# Work required
Your task is to return all of the entries below exactly, leaving out each picture.

★ ★ ★

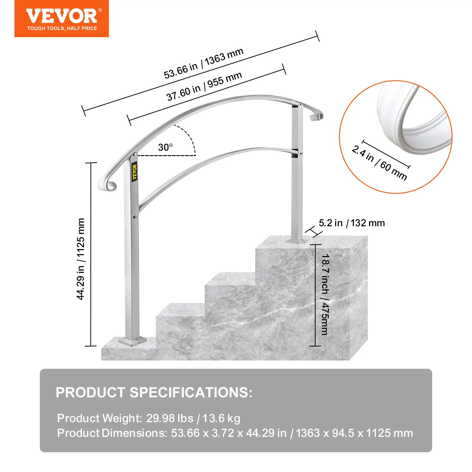 • Stylish & Delicate Design: Our handrail for concrete steps features a smooth powder-coated surface with chic white, which allows you to clean it with water or cloth easily and quickly. Its classic curly side design is beautiful and delicate, making it more ornamental and eye-catching. In addition to providing security protection, the handrail also decorates your stairs.
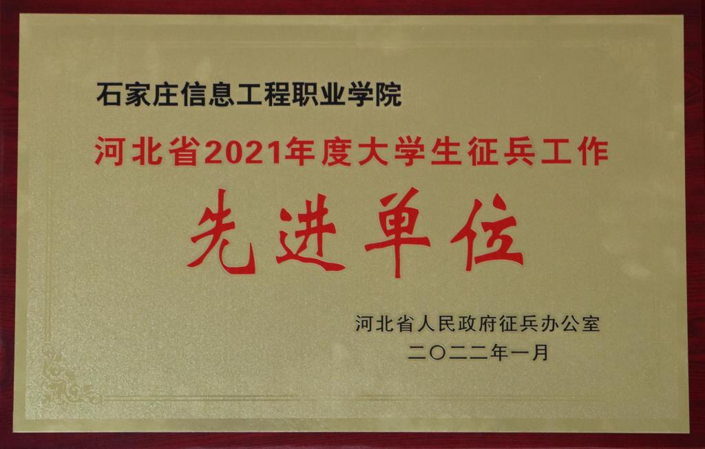 近日,河北省人民政府征兵办公室表彰通报了2021年度全省征兵工作先进单位和先进个人,beat365被评为河北省2021年度大学生征兵工作先进单位。
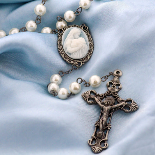 Capped Gold Pearl & Rhinestone St. Benedict Rosary
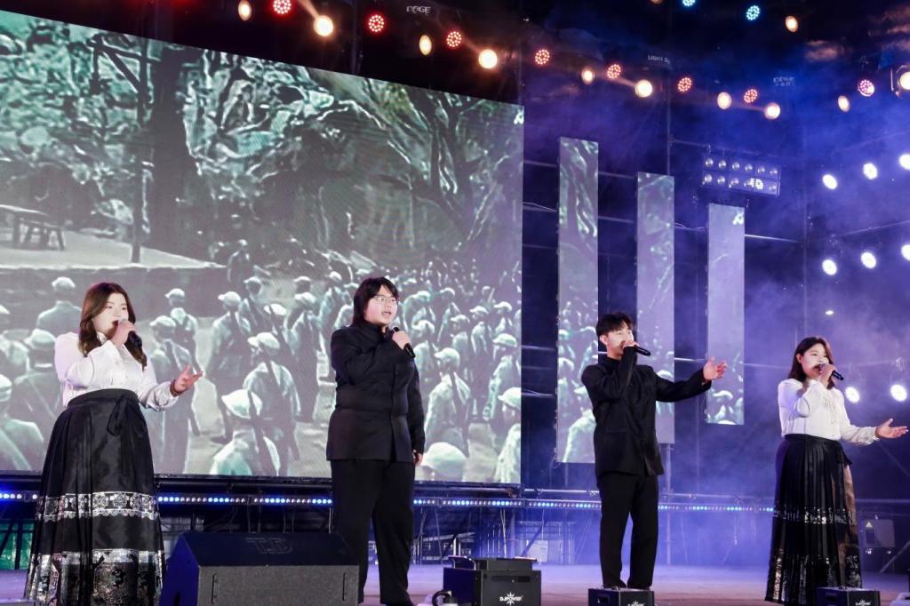 第一篇章·青青子衿,志懷家國。晚會(huì)以舞蹈《奔向青春》拉開序幕,商貿(mào)管理系的同學(xué)們用動(dòng)感的舞姿展現(xiàn)了青春的活力晚會(huì)以舞蹈《奔向青春》拉開序幕,商貿(mào)管理系的同學(xué)們用動(dòng)感的舞姿展現(xiàn)了青春的活力與激情。緊接著,中華經(jīng)典誦讀社帶來的情景朗誦《紅杜鵑》,以深情的語調(diào)訴說著對(duì)祖國的熱愛與敬仰。由學(xué)院合唱團(tuán)帶來的合唱《山河》帶領(lǐng)全體師生共同回溯往昔崢嶸歲月,感受先輩們以信仰為帆、以擔(dān)當(dāng)為槳的逐夢(mèng)征程,不僅展現(xiàn)了學(xué)子們的多才多藝,更傳遞出了他們對(duì)家國情懷的深刻理解與傳承。由大學(xué)城派出所帶來的歌曲《我們的歌(反詐版)》,以輕快的歌曲串燒引導(dǎo)全體師生提升反詐意識(shí),保護(hù)自身安全。
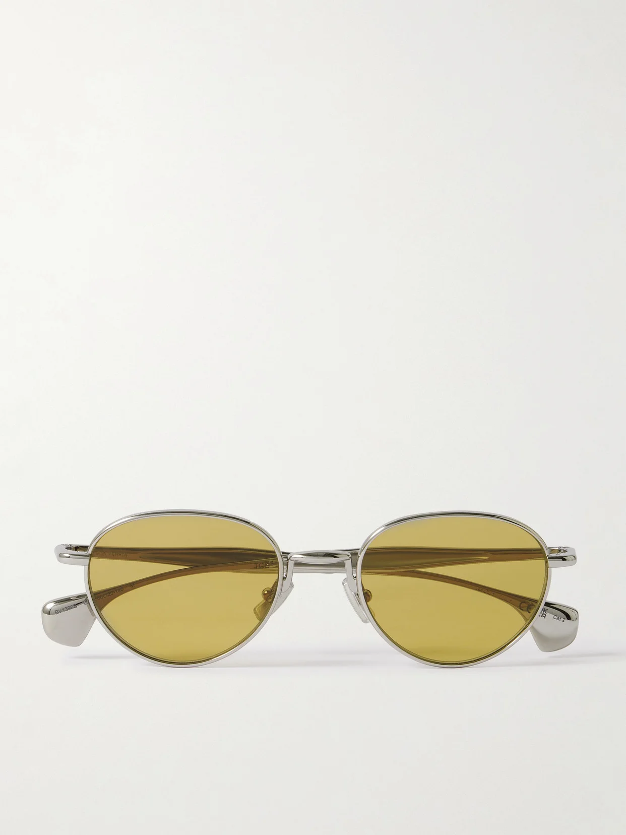 There's something to admire from every angle about Bottega Veneta Eyewear's sunglasses. They're crafted from silver-tone metal in a sleek profile with tapered arms and sculptural pebble-shaped tips. The logo is stamped discreetly on the sides.
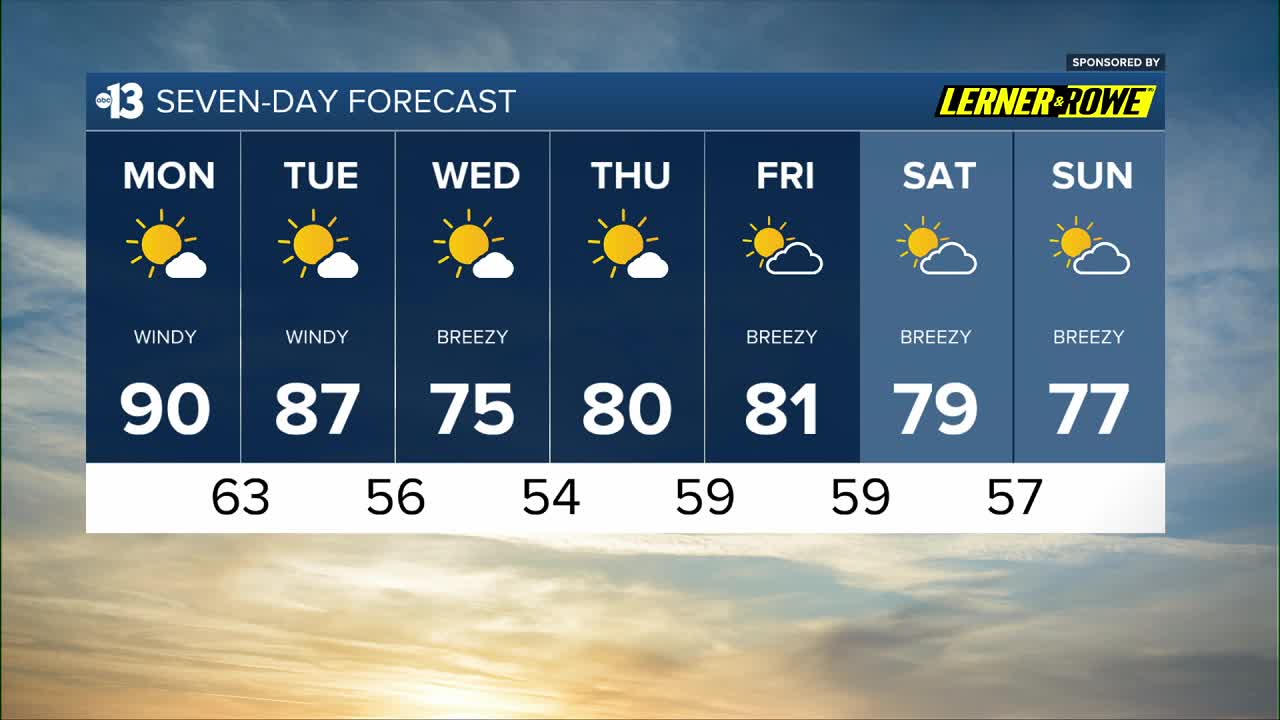 Wednesday is a bit cooler, in the mid 70s, as winds linger at 15-20 mph under a mostly sunny sky.
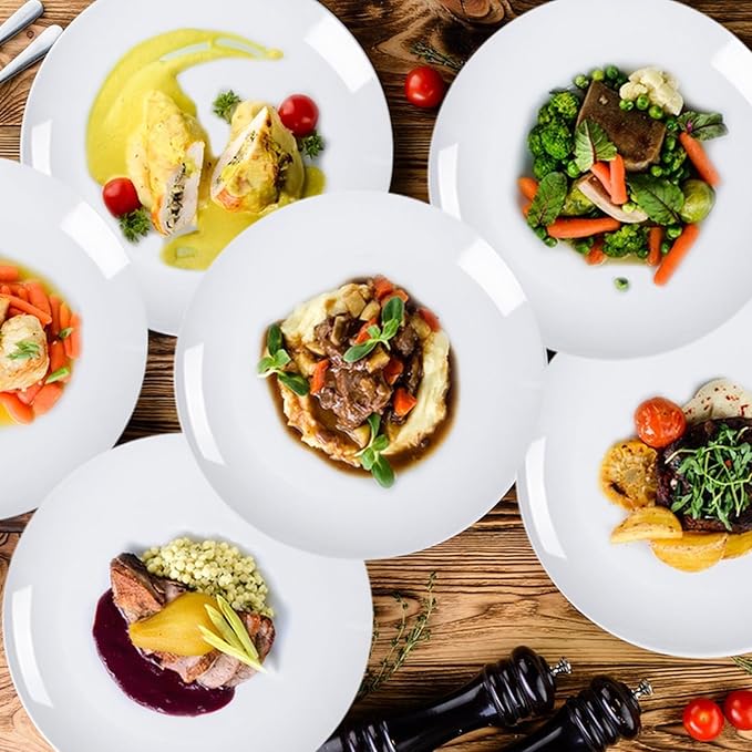 White Melamine Dinner Plates,6pcs Dishes Set,10inch Lightweight Round Plates,Scratch Resistant Unbreakable Serving Dishes,White -
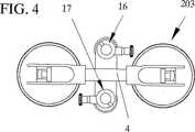 本発明は、現在最も実際的なものであると考えられる実施例、具体例に関して記述いる。したがって、本発明が図示された例に制限されないことは理解されよう。例えば、装置3は、2つのウィンチ16、17が、ハンドルとほぼ平行なラインに沿って並んでいる具体例として示した。これは、正常な用途には実際的なために尊重され、好まれる配置である。しかしながら、これはその他のウィンチの配置であって、特定の状況あるいは適用にふさわしいものを排除しない。そのような可能な修正済の配置例を図3、図4中に示す。図3は、2つのウィンチ16、17が、直角にハンドル4の中心線Cと交差するラインDに沿って並んで位置するツール103の実施例を示す。図4は、2つのウィンチ16、17がハンドル4の異なるサイドに置かれるツール203の実施例を示す。例えば、図3に示した具体例の変形としては、ハンドルの中心線に垂直でないラインに沿って2つのウィンチを並設するものが考えられる。
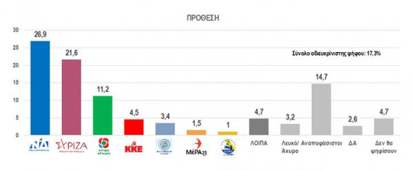 Εάν είχαμε εκλογές αύριο, σύμφωνα με τη δημοσκόπηση, η Νέα Δημοκρατία θα ήταν το πρώτο κόμμα με ποσοστό 26,9% και ο ΣΥΡΙΖΑ θα ακολουθούσε με 21,6%. Τρίτο κόμμα θα ήταν το ΠΑΣΟΚ – ΚΙΝΑΛ με 11,2% και τέταρτο το ΚΚΕ με 4,5%. Η Ελληνική Λύση θα βρισκόταν στο 3,4% και κάτω από το όριο του 3% το ΜεΡΑ25. Το άθροισμα «Αναποφάσιστων» και «Δεν απαντώ» φτάνουν το 17,3% των ερωτηθέντων.
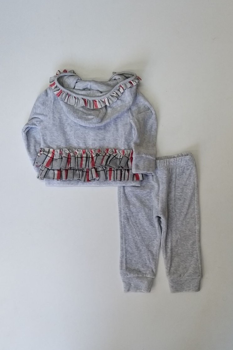 Φόρμα βελουτέ για κορίτσια από 9 έως 24 μηνών με ζακέτα με κουκούλα και σχέδιο με βολάν στο πίσω μέρος, κλείνει με φερμουάρ, μακό λαιμόκοψη μπλουζάκι με μακρύ μανίκι και παντελόνι με λάστιχο στη μέση
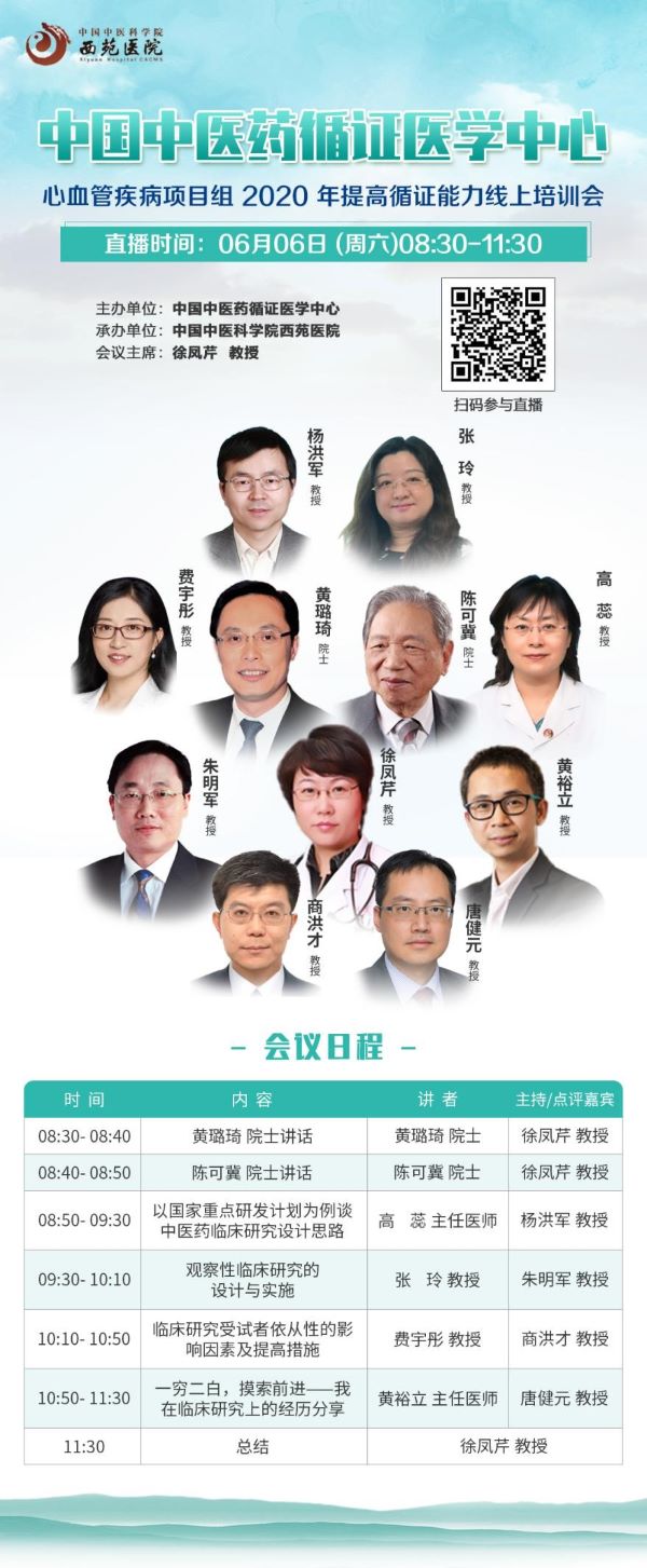 為推動中國中醫(yī)藥循證醫(yī)學(xué)中心心血管疾病項目組各項工作的順利開展,按照建設(shè)規(guī)劃,開展定期方法學(xué)培訓(xùn)是項目組中醫(yī)藥循證能力建設(shè)的重要任務(wù)之一。在當(dāng)前疫情情況下,2020年度項目組提高循證能力培訓(xùn)會于2020年6月6日改為線上舉行。本次培訓(xùn)會由心血管疾病項目組技術(shù)負(fù)責(zé)人中國中醫(yī)科學(xué)院西苑醫(yī)院徐鳳芹副院長組織并主持。 會議特邀中國中醫(yī)科學(xué)院院長、中國中醫(yī)藥循證醫(yī)學(xué)中心主任黃璐琦院士,中國科學(xué)院資深院士、國家中醫(yī)心血管病臨床醫(yī)學(xué)研究中心主任陳可冀院士在培訓(xùn)會上講話。 黃璐琦院士在講話中指出,習(xí)近平總書記在6月2日下午在京主持召開的專家學(xué)者座談會中提出要強化中醫(yī)藥特色人才建設(shè),打造一支高水平的國家中醫(yī)疫病防治隊伍。這其中就蘊含有要培養(yǎng)“具有較高水平的中醫(yī)藥循證研究人才”。說明這次培訓(xùn)會的舉行是很及時必要的?!?
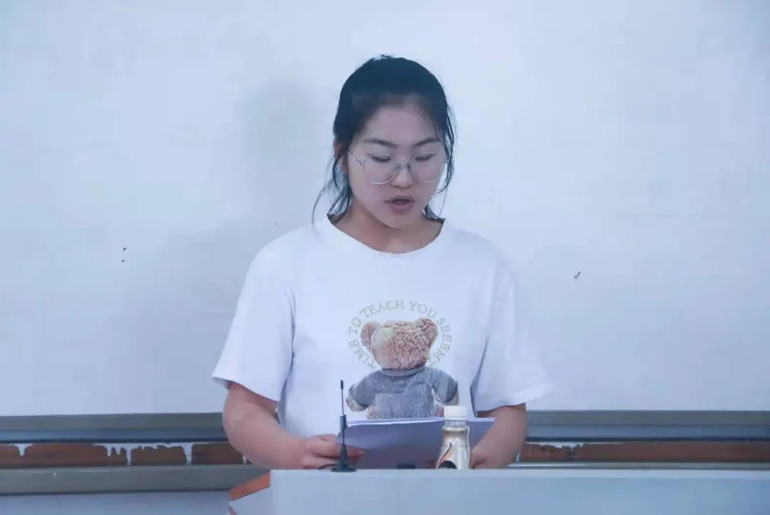 17级音乐学刘昱良同学在发言中说到自已从积极分子到发展对象、从发展对象到预备党员、再从预备党员成为一名中共党员,经历过党课培训、服务过运动会、参加过条件简陋的三乡下活动,也随榆苑合唱团参加过各类比赛和节目录制。时光随之流失,但也获得良多,后来,参加实习、参加考试、参加工作,也依旧是成绩突出。
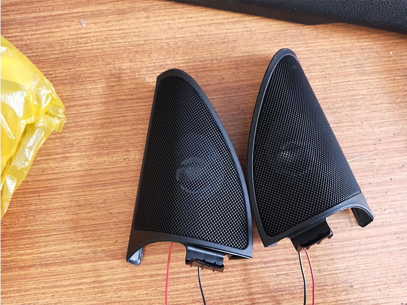 分頻器安裝在車門上,用熱熔膠與隔音將其固定,高音安裝在原來的三角位,大小位置都剛剛好,用熱熔膠與隔音將其固定住

★ ★ ★

# Solution below
 • Stylish & Delicate Design: Our handrail for concrete steps features a smooth powder-coated surface with chic white, which allows you to clean it with water or cloth easily and quickly. Its classic curly side design is beautiful and delicate, making it more ornamental and eye-catching. In addition to providing security protection, the handrail also decorates your stairs.
 近日,河北省人民政府征兵办公室表彰通报了2021年度全省征兵工作先进单位和先进个人,beat365被评为河北省2021年度大学生征兵工作先进单位。
 Capped Gold Pearl & Rhinestone St. Benedict Rosary
 第一篇章·青青子衿,志懷家國。晚會(huì)以舞蹈《奔向青春》拉開序幕,商貿(mào)管理系的同學(xué)們用動(dòng)感的舞姿展現(xiàn)了青春的活力晚會(huì)以舞蹈《奔向青春》拉開序幕,商貿(mào)管理系的同學(xué)們用動(dòng)感的舞姿展現(xiàn)了青春的活力與激情。緊接著,中華經(jīng)典誦讀社帶來的情景朗誦《紅杜鵑》,以深情的語調(diào)訴說著對(duì)祖國的熱愛與敬仰。由學(xué)院合唱團(tuán)帶來的合唱《山河》帶領(lǐng)全體師生共同回溯往昔崢嶸歲月,感受先輩們以信仰為帆、以擔(dān)當(dāng)為槳的逐夢(mèng)征程,不僅展現(xiàn)了學(xué)子們的多才多藝,更傳遞出了他們對(duì)家國情懷的深刻理解與傳承。由大學(xué)城派出所帶來的歌曲《我們的歌(反詐版)》,以輕快的歌曲串燒引導(dǎo)全體師生提升反詐意識(shí),保護(hù)自身安全。
 There's something to admire from every angle about Bottega Veneta Eyewear's sunglasses. They're crafted from silver-tone metal in a sleek profile with tapered arms and sculptural pebble-shaped tips. The logo is stamped discreetly on the sides.
 Wednesday is a bit cooler, in the mid 70s, as winds linger at 15-20 mph under a mostly sunny sky.
 White Melamine Dinner Plates,6pcs Dishes Set,10inch Lightweight Round Plates,Scratch Resistant Unbreakable Serving Dishes,White -
 本発明は、現在最も実際的なものであると考えられる実施例、具体例に関して記述いる。したがって、本発明が図示された例に制限されないことは理解されよう。例えば、装置3は、2つのウィンチ16、17が、ハンドルとほぼ平行なラインに沿って並んでいる具体例として示した。これは、正常な用途には実際的なために尊重され、好まれる配置である。しかしながら、これはその他のウィンチの配置であって、特定の状況あるいは適用にふさわしいものを排除しない。そのような可能な修正済の配置例を図3、図4中に示す。図3は、2つのウィンチ16、17が、直角にハンドル4の中心線Cと交差するラインDに沿って並んで位置するツール103の実施例を示す。図4は、2つのウィンチ16、17がハンドル4の異なるサイドに置かれるツール203の実施例を示す。例えば、図3に示した具体例の変形としては、ハンドルの中心線に垂直でないラインに沿って2つのウィンチを並設するものが考えられる。
 Εάν είχαμε εκλογές αύριο, σύμφωνα με τη δημοσκόπηση, η Νέα Δημοκρατία θα ήταν το πρώτο κόμμα με ποσοστό 26,9% και ο ΣΥΡΙΖΑ θα ακολουθούσε με 21,6%. Τρίτο κόμμα θα ήταν το ΠΑΣΟΚ – ΚΙΝΑΛ με 11,2% και τέταρτο το ΚΚΕ με 4,5%. Η Ελληνική Λύση θα βρισκόταν στο 3,4% και κάτω από το όριο του 3% το ΜεΡΑ25. Το άθροισμα «Αναποφάσιστων» και «Δεν απαντώ» φτάνουν το 17,3% των ερωτηθέντων.
 Φόρμα βελουτέ για κορίτσια από 9 έως 24 μηνών με ζακέτα με κουκούλα και σχέδιο με βολάν στο πίσω μέρος, κλείνει με φερμουάρ, μακό λαιμόκοψη μπλουζάκι με μακρύ μανίκι και παντελόνι με λάστιχο στη μέση
 為推動中國中醫(yī)藥循證醫(yī)學(xué)中心心血管疾病項目組各項工作的順利開展,按照建設(shè)規(guī)劃,開展定期方法學(xué)培訓(xùn)是項目組中醫(yī)藥循證能力建設(shè)的重要任務(wù)之一。在當(dāng)前疫情情況下,2020年度項目組提高循證能力培訓(xùn)會于2020年6月6日改為線上舉行。本次培訓(xùn)會由心血管疾病項目組技術(shù)負(fù)責(zé)人中國中醫(yī)科學(xué)院西苑醫(yī)院徐鳳芹副院長組織并主持。 會議特邀中國中醫(yī)科學(xué)院院長、中國中醫(yī)藥循證醫(yī)學(xué)中心主任黃璐琦院士,中國科學(xué)院資深院士、國家中醫(yī)心血管病臨床醫(yī)學(xué)研究中心主任陳可冀院士在培訓(xùn)會上講話。 黃璐琦院士在講話中指出,習(xí)近平總書記在6月2日下午在京主持召開的專家學(xué)者座談會中提出要強化中醫(yī)藥特色人才建設(shè),打造一支高水平的國家中醫(yī)疫病防治隊伍。這其中就蘊含有要培養(yǎng)“具有較高水平的中醫(yī)藥循證研究人才”。說明這次培訓(xùn)會的舉行是很及時必要的?!?
 17级音乐学刘昱良同学在发言中说到自已从积极分子到发展对象、从发展对象到预备党员、再从预备党员成为一名中共党员,经历过党课培训、服务过运动会、参加过条件简陋的三乡下活动,也随榆苑合唱团参加过各类比赛和节目录制。时光随之流失,但也获得良多,后来,参加实习、参加考试、参加工作,也依旧是成绩突出。
 分頻器安裝在車門上,用熱熔膠與隔音將其固定,高音安裝在原來的三角位,大小位置都剛剛好,用熱熔膠與隔音將其固定住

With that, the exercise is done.